EB-3 Immigration Case Overcomes Salary Doubts
EB-2, EB-3,
In occupational employment (EB2/EB3) immigration, foreign employees not only meet basic requirements such as academic qualifications, majors, and work experience, but also the financial status of American companies. If they fail to meet the standards, they will be questioned about their ability to pay wages.
In occupational employment (EB2/EB3) immigration, foreign employees not only meet basic requirements such as academic qualifications, majors, and work experience, but also the financial status of American companies. If they fail to meet the standards, they will be questioned about their ability to pay wages. Zang Dikai United Law Firm (Tsang & Associates, PLC) will introduce you to a recent case:
Application category: EB-3 professionals
Applicant (US company): operating electronic spare parts, with 10 employees
Foreign employees (foreign employees): Eric is a Chinese born in Malaysia. After graduating from university, he married a Chinese wife and has two children. He hopes to apply for immigration through an American company.
Time summary:
Submit the PERM labor certification application on August 15, 2017;
January 2018 PERM approval;
Submit I-140 & I-485 applications at the same time in April 2018;
In May 2018, USCIS issued an I-140 supplementary notice (RFE) targeting the company’s salary-paying ability;
Submit supplementary instructions and materials in May 2018;
Approval notification received in June 2018.
Application difficulties:
1. Eric has been working in a US company through H-1B, but the company’s operating conditions are not as good as expected. Tax bills and financial statements have shown losses for two consecutive years. The company is also laying off employees recently. Eric is very worried about whether the company can support him to complete his green card application;
2. Eric’s actual salary in 2017 was lower than the H-1B promised salary (offered wage).

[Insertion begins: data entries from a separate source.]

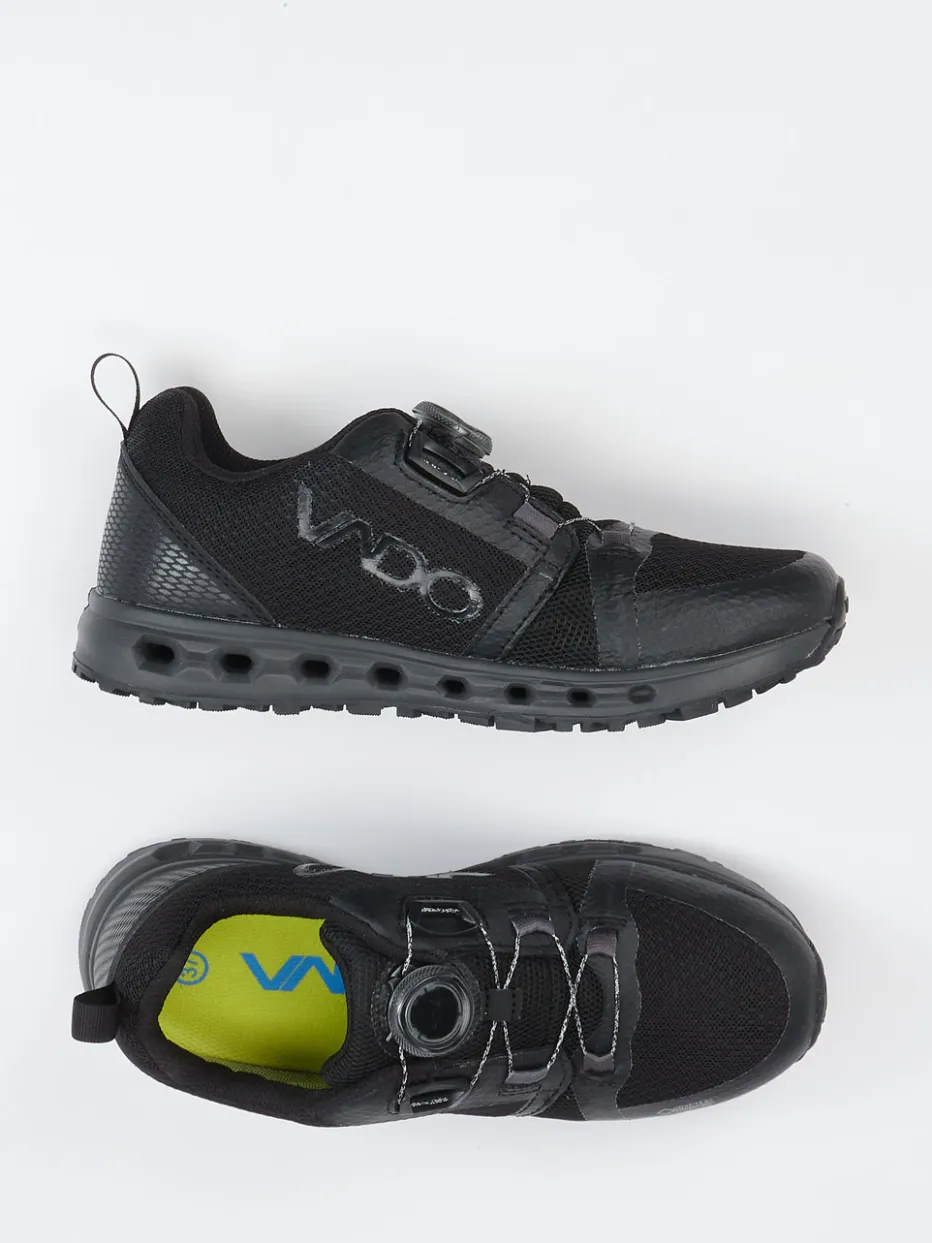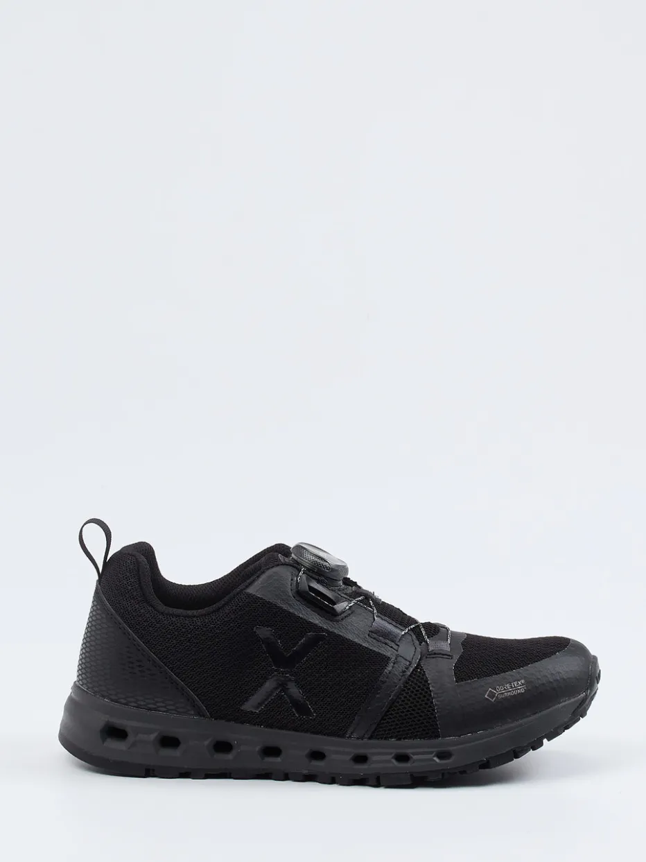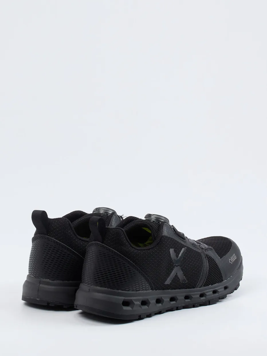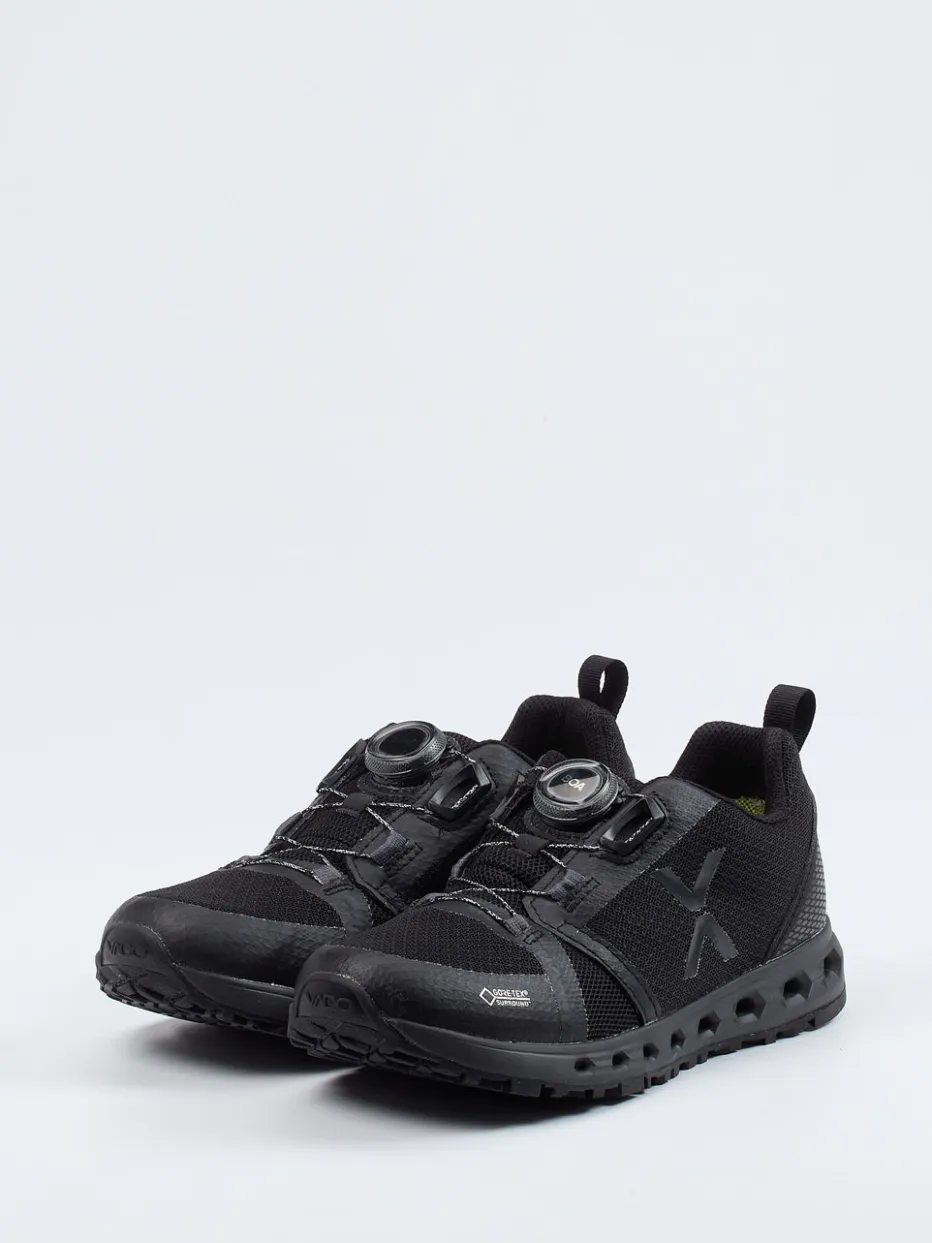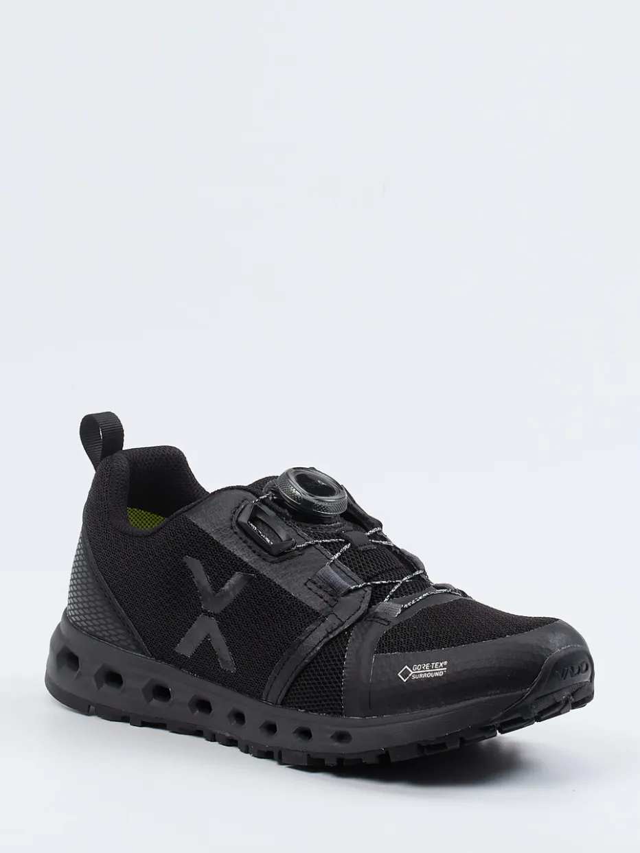 Tech trifft Funktion im Alltag.Vado präsentiert einen Outdoor-Sneaker, der Funktionalität in sportiver Formensprache vereint. Ob beim Spaziergang durch den Regen oder auf dem Wanderpfad – das rundum atmungsaktive Textilmaterial mit GORE-TEX SURROUND® schützt zuverlässig vor Nässe. Das tiefschwarze Finish hebt die kompakte, moderne Silhouette hervor, während reflektierende Details und das leichtgängige BOA-System mit Drehverschluss technische Präzision ins Design bringen. Die rutschfeste Gummisohle mit FLEX ZONE unterstützt ein dynamisches Laufgefühl. Die ausstrahlende Techwear-Ästhetik passt perfekt zum Gorpcore-Trend. Kombiniert mit einem Outdoor-Rucksack entsteht ein funktionaler Streetstyle-Look. Markentypisch komfortabel mit innovativer Schnürtechnologie und hoher Alltagstauglichkeit.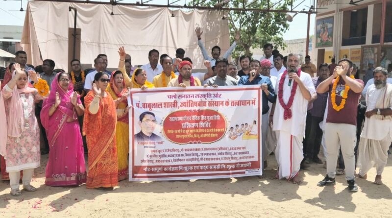 बीकानेर । बच्चों व युवाओं में लगातार बढ़ रहे सोशल मीडिया के उपयोग तथा सनातन संस्कृति के प्रति बढ़ती दूरी को देखते हुए पं बाबूलाल शास्त्री ज्योतिष बोध संस्थान की ओर से 40 दिवसीय रूद्राष्टाध्यायी व शिव पूजा विधि का प्रशिक्षण शिविर लगाया जा रहा है। पं बाबूलाल शास्त्री ज्योतिष बोध संस्थान की ओर से लगाये जा रहे प्रशिक्षण शिविर के बैनर का विमोचन मंगलवार को डूडी पेट्रोल पंप के पास स्थित गंगा जुबली पिंजरा प्रोल गौशाला में समाजसेवी देवकिशन चांडन देवश्री, विनोद गोयल,नंदकिशोर चांडक व मगन चांडक के कर कमलों से किया गया।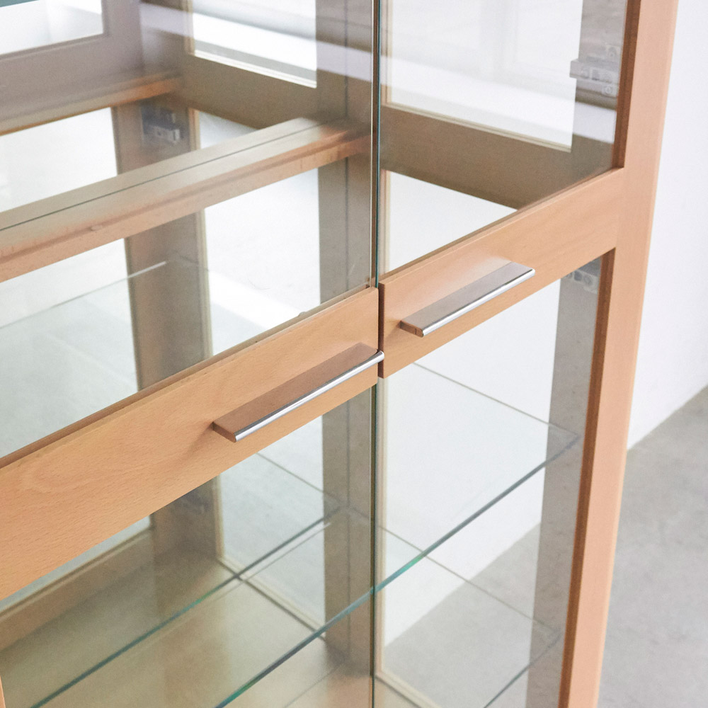 お部屋に設置するだけで上品で落ち着いた雰囲気を醸し出すコレクションリビングボード幅80cm。フレームにビーチ材を採用したブラウン色と清潔感がありインテリアに馴染むナチュラルの2色展開です。大切なコレクションが映えるガラスコレクションラック省エネLEDダウンライトと内側背面がミラー貼りの相乗効果で奥行を広く感じさせお気に入りのアイテムをより一層おしゃれに引き立ててくれるキュリオケースです。圧迫感がないコーナータイプの飾り棚奥行41cmと薄く、お部屋の壁際にぴったり設置でき出来ます。幅60、80cmの2サイズをご用意しました。部屋のスペース、収納量に合わせて選べる2サイズ展開です。幅60cmはスリム&スマートにディスプレイ。幅80cmはLED照明2個付きでコレクションを引き立たせます。照明の光を通すガラスがディスプレイをラグジュアリーに演出耐荷重5kgの可動棚には5mm厚のガラスを採用。安全面にも配慮した設計となっています。シックなウェンジ色とインテリアに馴染みやすいナチュラル色の2色をご用意フレームに高級材のビーチ天然木を採用し重厚感あるウェンジ色と高級感と清涼感を併せ持つナチュラルの2色からお選びいただけます。安心と信頼の国内生産品・熟練の家具職人がひとつずつ丁寧に仕上げたワンランク上のキャビネットです。・家具職人が丁寧に仕上げ、細部にまでこだわった商品です。・国産品ならではの高品質をお楽しみください。・組立不要のしっかりしたつくりの完成品なのでお届け後すぐにご利用できます。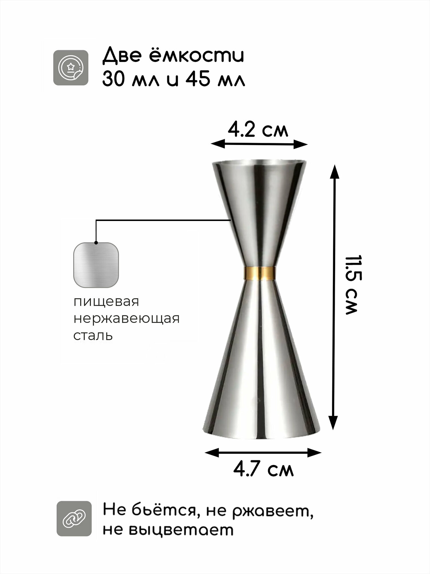 Джиггер барный для коктейлей 30/45 мл интересное: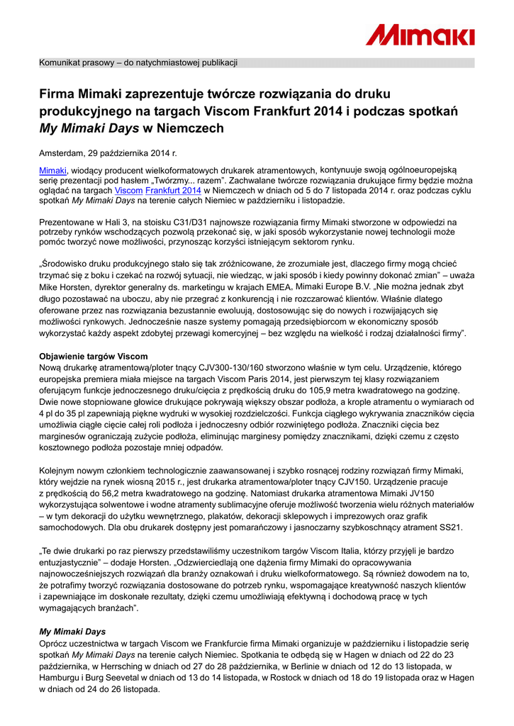 Komunikat prasowy – do natychmiastowej publikacji Firma Mimaki zaprezentuje twórcze rozwiązania do druku produkcyjnego na targach Viscom Frankfurt 2014 i podczas spotkań My Mimaki Days w Niemczech Amsterdam, 29 października 2014 r. Mimaki, wiodący producent wielkoformatowych drukarek atramentowych, kontynuuje swoją ogólnoeuropejską serię prezentacji pod hasłem „Twórzmy... razem”. Zachwalane twórcze rozwiązania drukujące firmy będzie można oglądać na targach Viscom Frankfurt 2014 w Niemczech w dniach od 5 do 7 listopada 2014 r. oraz podczas cyklu spotkań My Mimaki Days na terenie całych Niemiec w październiku i listopadzie. Prezentowane w Hali 3, na stoisku C31/D31 najnowsze rozwiązania firmy Mimaki stworzone w odpowiedzi na potrzeby rynków wschodzących pozwolą przekonać się, w jaki sposób wykorzystanie nowej technologii może pomóc tworzyć nowe możliwości, przynosząc korzyści istniejącym sektorom rynku. „Środowisko druku produkcyjnego stało się tak zróżnicowane, że zrozumiałe jest, dlaczego firmy mogą chcieć trzymać się z boku i czekać na rozwój sytuacji, nie wiedząc, w jaki sposób i kiedy powinny dokonać zmian” – uważa Mike Horsten, dyrektor generalny ds. marketingu w krajach EMEA, Mimaki Europe B.V. „Nie można jednak zbyt długo pozostawać na uboczu, aby nie przegrać z konkurencją i nie rozczarować klientów. Właśnie dlatego oferowane przez nas rozwiązania bezustannie ewoluują, dostosowując się do nowych i rozwijających się możliwości rynkowych. Jednocześnie nasze systemy pomagają przedsiębiorcom w ekonomiczny sposób wykorzystać każdy aspekt zdobytej przewagi komercyjnej – bez względu na wielkość i rodzaj działalności firmy”. Objawienie targów Viscom Nową drukarkę atramentową/ploter tnący CJV300-130/160 stworzono właśnie w tym celu. Urządzenie, którego europejska premiera miała miejsce na targach Viscom Paris 2014, jest pierwszym tej klasy rozwiązaniem oferującym funkcje jednoczesnego druku/cięcia z prędkością druku do 105,9 metra kwadratowego na godzinę. Dwie nowe stopniowane głowice drukujące pokrywają większy obszar podłoża, a krople atramentu o wymiarach od 4 pl do 35 pl zapewniają piękne wydruki w wysokiej rozdzielczości. Funkcja ciągłego wykrywania znaczników cięcia umożliwia ciągłe cięcie całej roli podłoża i jednoczesny odbiór rozwiniętego podłoża. Znaczniki cięcia bez marginesów ograniczają zużycie podłoża, eliminując marginesy pomiędzy znacznikami, dzięki czemu z często kosztownego podłoża pozostaje mniej odpadów. Kolejnym nowym członkiem technologicznie zaawansowanej i szybko rosnącej rodziny rozwiązań firmy Mimaki, który wejdzie na rynek wiosną 2015 r., jest drukarka atramentowa/ploter tnący CJV150. Urządzenie pracuje z prędkością do 56,2 metra kwadratowego na godzinę. Natomiast drukarka atramentowa Mimaki JV150 wykorzystująca solwentowe i wodne atramenty sublimacyjne oferuje możliwość tworzenia wielu różnych materiałów – w tym dekoracji do użytku wewnętrznego, plakatów, dekoracji sklepowych i imprezowych oraz grafik samochodowych. Dla obu drukarek dostępny jest pomarańczowy i jasnoczarny szybkoschnący atrament SS21. „Te dwie drukarki po raz pierwszy przedstawiliśmy uczestnikom targów Viscom Italia, którzy przyjęli je bardzo entuzjastycznie” – dodaje Horsten. „Odzwierciedlają one dążenia firmy Mimaki do opracowywania najnowocześniejszych rozwiązań dla branży oznakowań i druku wielkoformatowego. Są również dowodem na to, że potrafimy tworzyć rozwiązania dostosowane do potrzeb rynku, wspomagające kreatywność naszych klientów i zapewniające im doskonałe rezultaty, dzięki czemu umożliwiają efektywną i dochodową pracę w tych wymagających branżach”. My Mimaki Days Oprócz uczestnictwa w targach Viscom we Frankfurcie firma Mimaki organizuje w październiku i listopadzie serię spotkań My Mimaki Days na terenie całych Niemiec. Spotkania te odbędą się w Hagen w dniach od 22 do 23 października, w Herrsching w dniach od 27 do 28 października, w Berlinie w dniach od 12 do 13 listopada, w Hamburgu i Burg Seevetal w dniach od 13 do 14 listopada, w Rostock w dniach od 18 do 19 listopada oraz w Hagen w dniach od 24 do 26 listopada. My Mimaki Days to nowa koncepcja, obejmująca program zagadnień dostosowany do indywidualnych potrzeb klientów – od zastąpienia starszego systemu nowymi technikami druku po pomoc w rozszerzaniu obecnej oferty. Planowana tematyka spotkań to: Naciski ekonomiczne i nowe zastosowania drukarek wielkoformatowych UV - LED, Drukowanie i produkcja transparentów i materiałów promocyjnych, „Druk i cięcie” z drukarkami płaskimi i rozwiązaniami laserowymi, Folie do oklejania pojazdów oraz Kiedy używać poszczególnych rodzajów atramentów, w tym UV, SUV i lateksowych. Horsten podsumowuje: „Różnorodność poruszanych tematów stanowi ogromną zaletę My Mimaki Days. Każdy znajdzie tu coś dla siebie, ponieważ zagadnienia te dotyczą wszystkich największych problemów, z którymi borykają się firmy dążące do stworzenia kreatywnej oferty usługowej”. W tym roku firma Mimaki Germany świętuje pięciolecie działalności jako Mimaki Germany GmbH, zatrudniając 26 pracowników w Herrsching i Hagen. Shoji Midorikawa, dyrektor ds. sprzedaży i marketingu Mimaki Germany GmbH, mówi: „My Mimaki Days to wspaniały sposób na zapewnienie dodatkowego wsparcia naszym klientom i wskazanie im okazji do wprowadzania korzystnych zmian. Na niemieckim rynku w szczególności można zauważyć rosnące zapotrzebowanie na wysoką jakość i oczekujemy, że wprowadzenie nowych systemów druku atramentowego JV33 / CJV30, JV300 i CJV300, a także nowych atramentów, zaspokoi ten popyt. Jesteśmy też jednak gotowi, chętni i możemy pomóc firmom dokładniej przyjrzeć się większym wyzwaniom biznesowym i produkcyjnym, które napotykają, a

Zang Dikai’s team of lawyers summarized the main methods used by the USCIS to determine the ability of US companies to pay salaries in this case as follows:
First, if the foreign employee has legally worked for the U.S. company (such as H-1B), check the salary situation of the foreign employee paid by the U.S. company. If the salary of the foreign employee reaches the salary promised in the H-1B application, it can prove that the American company has the ability to pay the salary. In this case, Eric’s 2017 tax return and W-2 showed that the salary could not reach the level promised by H-1B.
Second, if the above methods fail to determine the U.S. company’s payroll capacity, then USCIS will then look at the U.S. company’s net income by looking at the U.S. company’s tax returns. Through the inspection of net income, it is judged whether the American company has the ability to pay the salary promised on the PERM labor certificate.
But according to corporate tax returns, the US company’s net income is not enough to pay Eric’s salary.
Another way is to look at the current net assets of US companies, but US companies do not meet this requirement.
solution:
Since the financial situation of American companies cannot be improved in the short term, Eric cannot provide more financial data. Therefore, Zang Dikai’s lawyer team focused on Eric’s H-1B salary certificate. After sorting out, it was found that Eric had asked for leave to accompany his wife back to China to visit relatives in July of the summer vacation of 2017. After deducting the salary during the leave, it was consistent with Eric’s H-1B salary. Therefore, Zang Dikai’s lawyer team instructed Eric to obtain leave records and personnel certificates, and also prepared a letter from the American company for the boss to sign to prove that there was a reason why the salary did not reach the H-1B level in 2017; in addition, Eric did not ask for leave since August Or other situations, through calculation, it can be proved that from the priority date (August 15, 2017) to the present, the salary paid by the American company to Eric has fully met the H-1B standard, which also proves the salary payment ability of the American company.
Finally, combining the data of the company and Eric, Zang Dikai’s lawyer team summarized a well-founded explanatory letter. According to the facts and regulations, although Eric’s current financial situation is not good, it still complies with the salary level of the immigration law and has the ability to provide Eric applied for a green card.
Lawyer Comments:
Lawyer Zang Dikai reminded: According to the immigration law, as long as it is applying for an immigration application, the US company must prove that the company’s financial capacity is sufficient to pay the salary of the foreign employee from the priority date. This certification is usually reflected in the company’s annual report, federal tax returns or audited financial statements. If the employee has started working for the company, this can be proven with salary. Another thing we need to understand is that the priority date is the day the Labor Department accepts the labor certification application. In this case, the PERM labor certification was filed on August 15, 2017, and the promised salary was $65,000/year.
*Related reading: [Successful Case] EB-3 technicians applied for professional positions and were approved within two weeks
*To protect customer privacy, customer names are pseudonyms.